> [GIVEN INFORMATION]:
**********
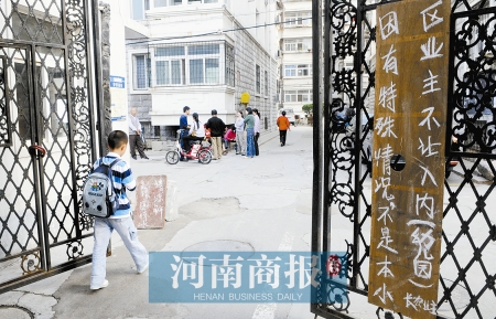 9月15日上午7時許,鄭州市伊河路與桐柏路交叉口附近的長宏花園小區(qū)門口多了個牌子:因有特殊原因,不是本小區(qū)業(yè)主不讓入內(幼兒園)。落款為長宏業(yè)主。同時,小區(qū)業(yè)主也當起“門神”,守著小區(qū)大門,不讓學生進入小區(qū)內長宏幼兒園上課。
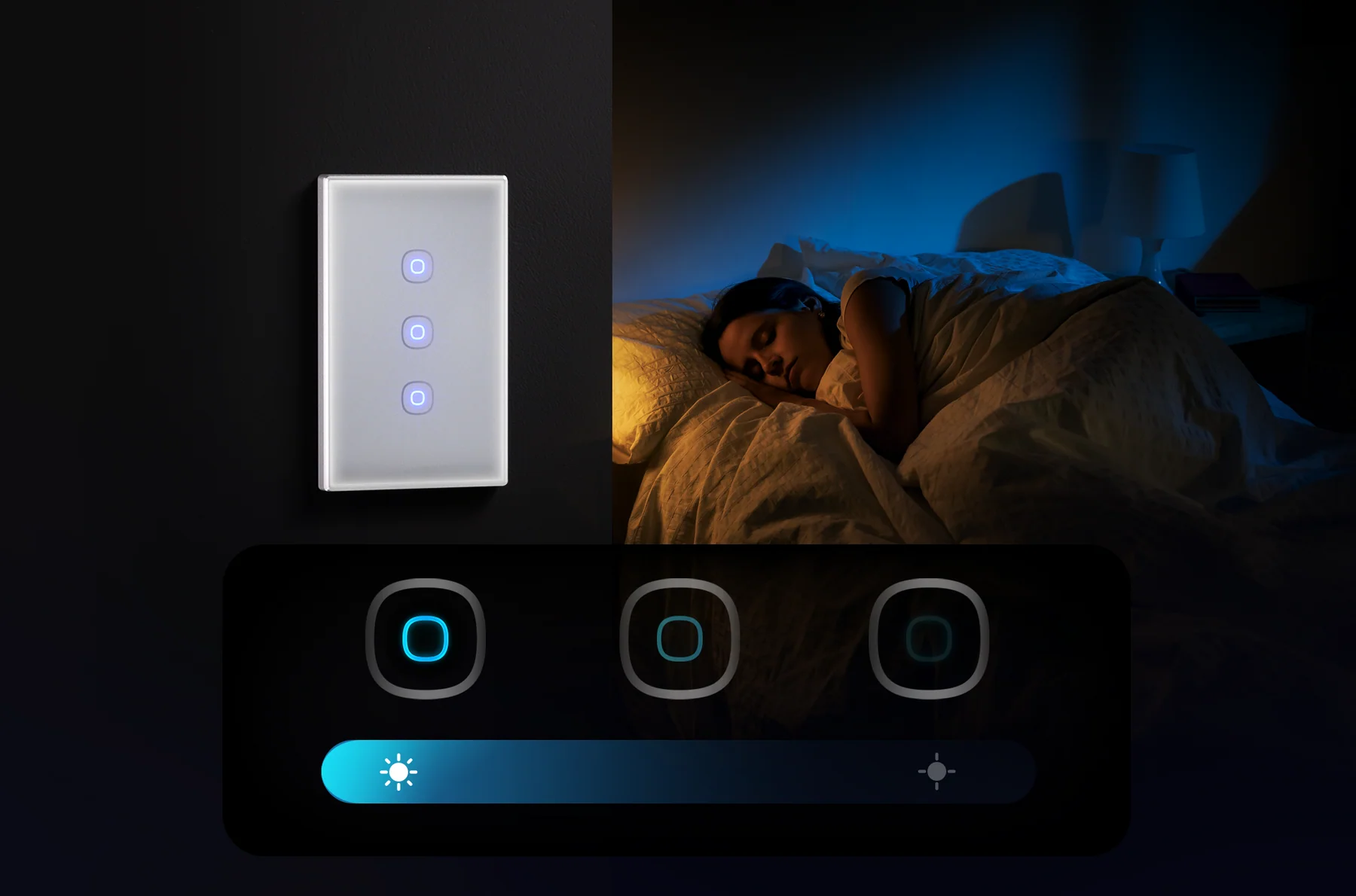 Der Sonoff TX Gen2 verfügt über eine einstellbare LED-Hintergrundbeleuchtung, die Ihnen zu jeder Tageszeit maximalen Komfort bietet. Sie können die Intensität wählen, die Ihren Bedürfnissen am besten entspricht: heller, um den Schalter im Dunkeln leicht zu finden, oder dunkler, um Ihren Schlaf nicht zu stören. Eine Lösung, die Funktionalität und modernes Design vereint und das tägliche Benutzererlebnis verbessert.
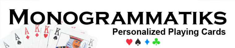 OUR SERVICES:Monogrammatiks can take your creative vision and make it a reality with glossy, casino-quality playing cards printed with your family photos or company logos. Our decks of cards are customizable in a host of ways:
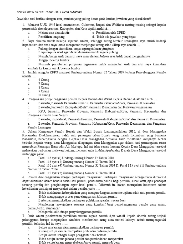 Contoh Soal Tes Tulis Kpps 2018 - Contoh Soal Terbaru
**********
Retype only the lines above from the one with "Der Sonoff TX" through the last, both ends included, keeping every picture out of the copy.

 Der Sonoff TX Gen2 verfügt über eine einstellbare LED-Hintergrundbeleuchtung, die Ihnen zu jeder Tageszeit maximalen Komfort bietet. Sie können die Intensität wählen, die Ihren Bedürfnissen am besten entspricht: heller, um den Schalter im Dunkeln leicht zu finden, oder dunkler, um Ihren Schlaf nicht zu stören. Eine Lösung, die Funktionalität und modernes Design vereint und das tägliche Benutzererlebnis verbessert.
 OUR SERVICES:Monogrammatiks can take your creative vision and make it a reality with glossy, casino-quality playing cards printed with your family photos or company logos. Our decks of cards are customizable in a host of ways:
 Contoh Soal Tes Tulis Kpps 2018 - Contoh Soal Terbaru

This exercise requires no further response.